Start

Concepts

Concepts

The handful of nouns gitcrawl uses, and how they connect.

#Repository mirror

A repository is the owner/repo you sync. Every gitcrawl command takes one, and most state in SQLite is keyed by it. You can mirror as many repos as you like into a single gitcrawl.db; commands always scope to the one you name.

The mirror is metadata-first: titles, bodies, authors, labels, state, timestamps, and IDs land in SQLite immediately. Comments, reviews, review comments, and full PR detail (files, commits, checks, workflow runs) are opt-in on a per-sync basis (see Sync).

#Thread

A thread is a single GitHub issue or pull request, with its body and metadata.

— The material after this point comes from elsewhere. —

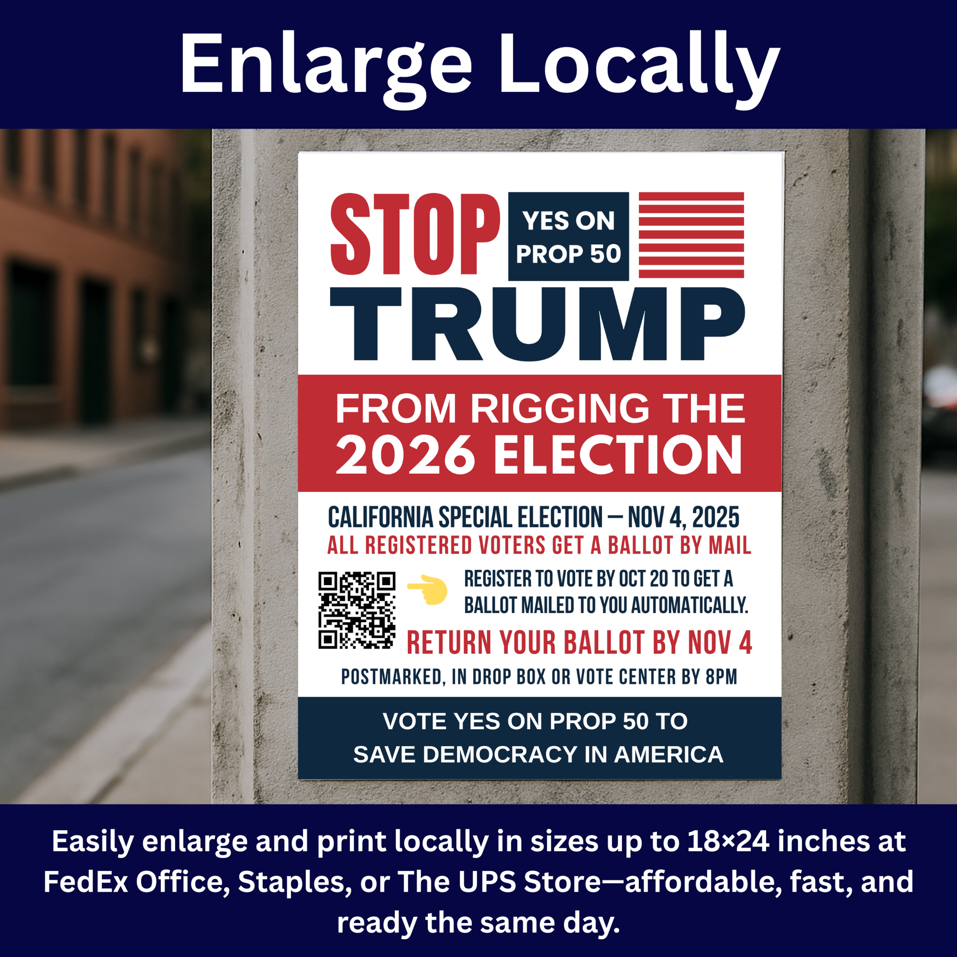 Take a stand for fair elections and democracy in 2026 with this bold bilingual poster kit. Designed in both English and Spanish, this version includes a built-in QR code linking directly to the official California voter registration site (ca.gov) — making it perfect for community outreach, tabling events, and window displays.

The CLI exposes threads via gitcrawl threads and gitcrawl search; use Octopool for pooled live gh reads.

Threads have two state dimensions:

  • GitHub stateopen or closed upstream.
  • Local close — a maintainer-only override stored locally. gitcrawl close-thread and reopen-thread flip this without touching GitHub. Local closes drive the --hide-closed and --include-closed filters across clusters, cluster-detail, the TUI, and search.

Local close is for triage workflow: "I have handled this duplicate locally, I do not need it shown next time." It does not write back to GitHub.

#Document

A document is the canonical text gitcrawl indexes for a thread — title plus body, with comments folded in when present. Documents back the FTS index used by gitcrawl search and feed the embedding pipeline.

Most users never interact with documents directly; they show up in JSON output as a document field on neighbors and search hits.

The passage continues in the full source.